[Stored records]

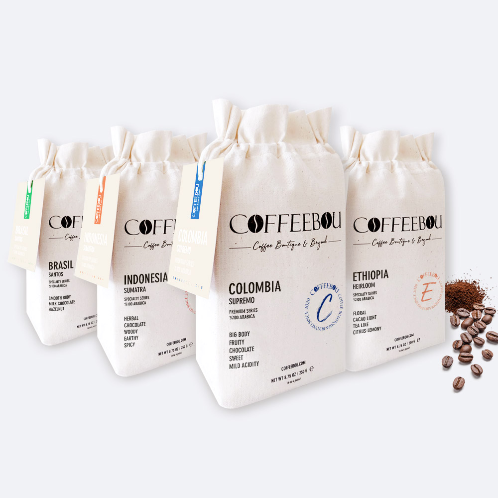 Sizi, özenle hasat edilmiş birbirinden kaliteli kahve çekirdeklerinin bir araya geldiği Coffeebou’da bir lezzet yolculuğuna davet ediyoruz. Sipariş verdiğiniz kahvenizi isteğinize göre ister çekirdek isterseniz de demleme ekipmanınıza uygun filtre aralığında öğütüyor taze taze adresinize gönderilmek üzere önce kahveye uygun valfli kraft paketlerine koyuyor ardından naturel %100 doğal pamuktan üretilen şık ambalajlarında paketliyoruz.
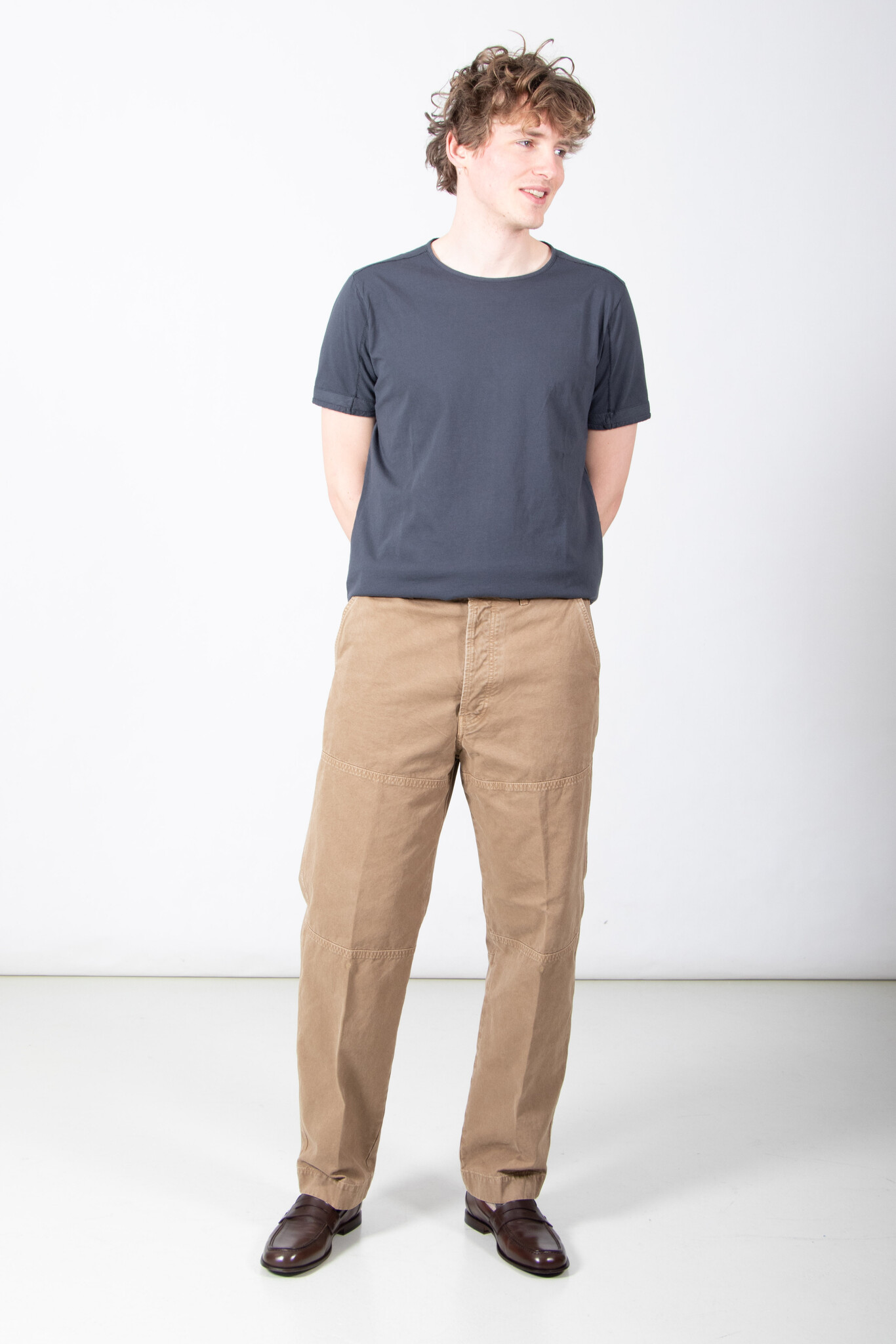 De Aviator broek van Nine In The Morning, in een stug katoen. Wijdvallend model met aan elkaar gestikte panelen, voorzien van klepzakken. Ons model is 189 cm lang en draagt maat 31. Lees meer
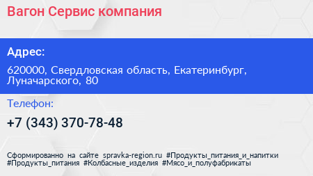 Вагон-Сервис, компания по адресу 620000, Свердловская область, Екатеринбург, Луначарского, 80 в дальнейшем Организация, размещена в следующих категориях:
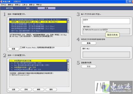 第四步:?jiǎn)螕羟袚Q到“發(fā)布”選項(xiàng)(如圖4),根據(jù)實(shí)際需要選擇一種編碼配置文件,然后選擇一種發(fā)布配置文件,要發(fā)布成網(wǎng)頁(yè)可選擇“僅在Web服務(wù)器中的演示文稿”,而打包成可執(zhí)行文件可選擇“本機(jī)硬盤中的單個(gè)EXE文件”;再輸入子文件夾名,即可發(fā)布在默認(rèn)目錄中的子文件夾中;最后單擊“發(fā)布”按鈕保存相應(yīng)格式的文件。
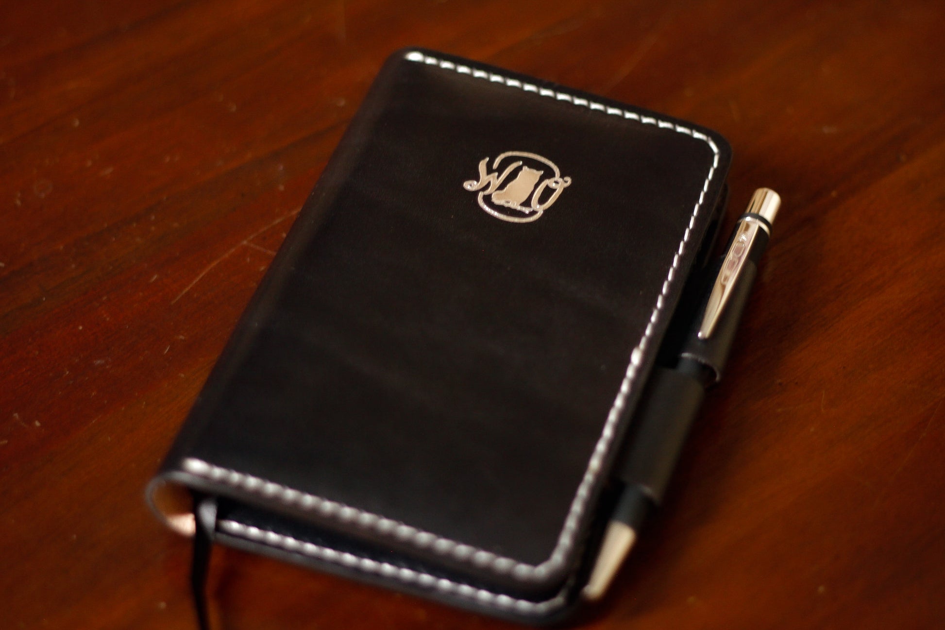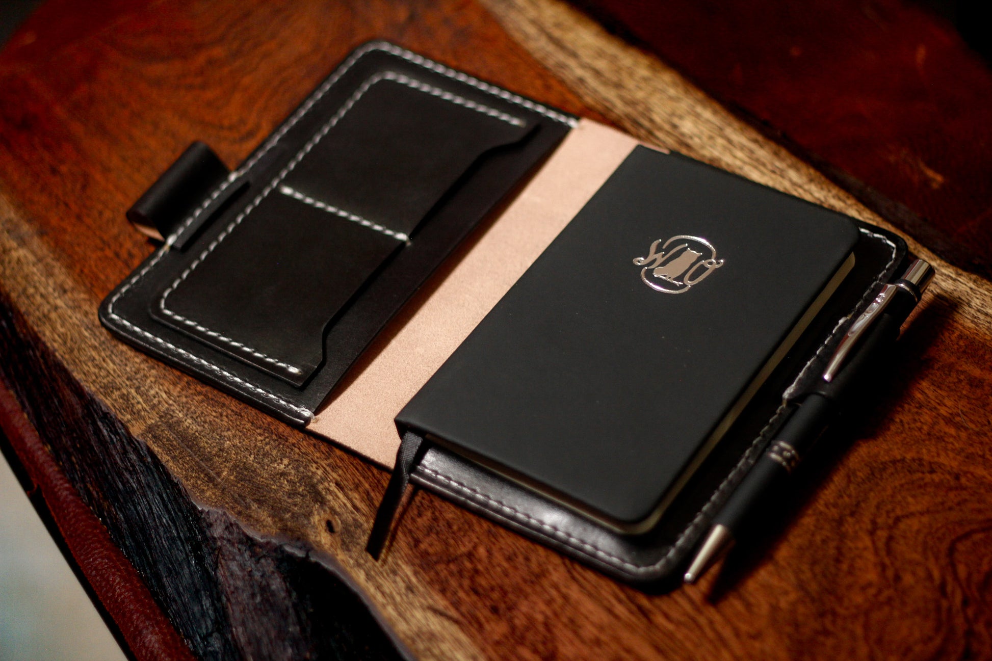 The Stygian West is pocket journal carrier/wallet with 2 card slots, a pocket underneath for extra cards, cash, or loose notes, and a double pen loop locking closure.

What you need to do: Only the records, copied exactly and without pictures, should make up the answer.

Task result:
 Sizi, özenle hasat edilmiş birbirinden kaliteli kahve çekirdeklerinin bir araya geldiği Coffeebou’da bir lezzet yolculuğuna davet ediyoruz. Sipariş verdiğiniz kahvenizi isteğinize göre ister çekirdek isterseniz de demleme ekipmanınıza uygun filtre aralığında öğütüyor taze taze adresinize gönderilmek üzere önce kahveye uygun valfli kraft paketlerine koyuyor ardından naturel %100 doğal pamuktan üretilen şık ambalajlarında paketliyoruz.
 De Aviator broek van Nine In The Morning, in een stug katoen. Wijdvallend model met aan elkaar gestikte panelen, voorzien van klepzakken. Ons model is 189 cm lang en draagt maat 31. Lees meer
 Вагон-Сервис, компания по адресу 620000, Свердловская область, Екатеринбург, Луначарского, 80 в дальнейшем Организация, размещена в следующих категориях:
 第四步:?jiǎn)螕羟袚Q到“發(fā)布”選項(xiàng)(如圖4),根據(jù)實(shí)際需要選擇一種編碼配置文件,然后選擇一種發(fā)布配置文件,要發(fā)布成網(wǎng)頁(yè)可選擇“僅在Web服務(wù)器中的演示文稿”,而打包成可執(zhí)行文件可選擇“本機(jī)硬盤中的單個(gè)EXE文件”;再輸入子文件夾名,即可發(fā)布在默認(rèn)目錄中的子文件夾中;最后單擊“發(fā)布”按鈕保存相應(yīng)格式的文件。
 The Stygian West is pocket journal carrier/wallet with 2 card slots, a pocket underneath for extra cards, cash, or loose notes, and a double pen loop locking closure.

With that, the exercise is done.